Intel founder Andy Grove, with his faith in the virtue of paranoia, could not have made a better argument for the importance of trade and traders to the city’s continued prosperity. But it was this same elite who, a few decades earlier, had begun the process of economic exclusion that would eventually transform La Serenissima from a trading power to a museum. Gus Levy, who was the senior partner of Goldman Sachs between 1969 and 1976, a decade we are coming to look back on as that firm’s golden era, said his philosophy was one of “long-term greed.” If the plutocrats are smart, that’s the philosophy they’ll adopt today. But, as even Levy’s successors at mighty Goldman Sachs are learning, that can be harder than it sounds.
ACKNOWLEDGMENTS
All the errors and oversights in this book are, of course, my own. But its virtues build on the work I’ve done over the past two decades as a journalist and the people who taught me while I did it. In particular, this book draws on my work for the Financial Times covering Russia, Ukraine, and Eastern Europe, and on Sale of the Century, my book about the rise of the oligarchs. Work I did for the Financial Times in the United States, particularly a profile of George Soros and an essay on Canadian banks, also inform this book. My Atlantic cover story on the global super-elite was my first public articulation of the ideas in this book; research I did for my Atlantic essay on Skolkovo, the Russian Silicon Valley, also proved useful. My weekly column for Reuters and the International Herald Tribune was a valuable space for working out my thinking, as were Reuters video interviews and the Reuters magazine.
I am grateful to many colleagues, editors, and sparring partners. Chief among them: Martin Wolf, Alison Wolf, John Lloyd, David Hoffman, John Gapper, Felix Salmon, Jim Impoco, Jim Ledbetter, Mike Williams, Stuart Karle, Alison Smale, Anatole Kaletsky, David Rohde, David Wighton, Gary Silverman, Francesco Guerrera, John Thornhill, Alan Beattie, Krishna Guha, Robert Thomson, Annalena McAfee, Andrew Gowers, Richard Lambert, Daniel Franklin, Sebastian Mallaby, Fareed Zakaria, David Frum, Arianna Huffington, Eliot Spitzer, Steve Brill, Anya Schiffrin, Steve Clemons, Susan Glasser, and Ali Velshi. Dennis Gartman and Joshua Brown, two business thinkers whose work I admire, generously allowed me to quote their writing at length. Steve Adler, my boss, has been uniquely and crucially supportive, providing vital intellectual guidance and emotional encouragement. I owe a special debt to Don Peck, who edited my 2011 Atlantic essay and read and improved a first draft of this book; James Bennett, who commissioned the piece; and to David Bradley.

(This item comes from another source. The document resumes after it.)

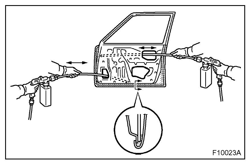 1. To preserve impossible to paint areas from corrosion, always apply sufficient anti-rust agent (wax) to the inside of the hemming areas of the doors and hoods, and around the hinges, or the welded surfaces inside the boxed cross-section structure of the side member, body pillar, etc.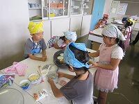 みんなで育てたトマトで作った先生特製ピザソースをぬりぬり!こぼさないように慎重です。

This book draws on a vast body of academic research. Some scholars have become important sounding boards and advisers, too. They include Larry Summers, Daron Acemoglu, Emmanuel Saez, Jacob Hacker, Alan Krueger, Branko Milanovic, Daniel Kaufmann, Ian Bremmer, Peter Lindert, Michael Spence, Joe Stiglitz, Theda Skocpol, Anders Aslund, Roman Frydman, Rob Johnson, Sergei Guriev, Michael McFaul, Ernesto Zedillo, John Van Reenen, Raghuram Rajan, Shamus Khan, and the late Yegor Gaidar.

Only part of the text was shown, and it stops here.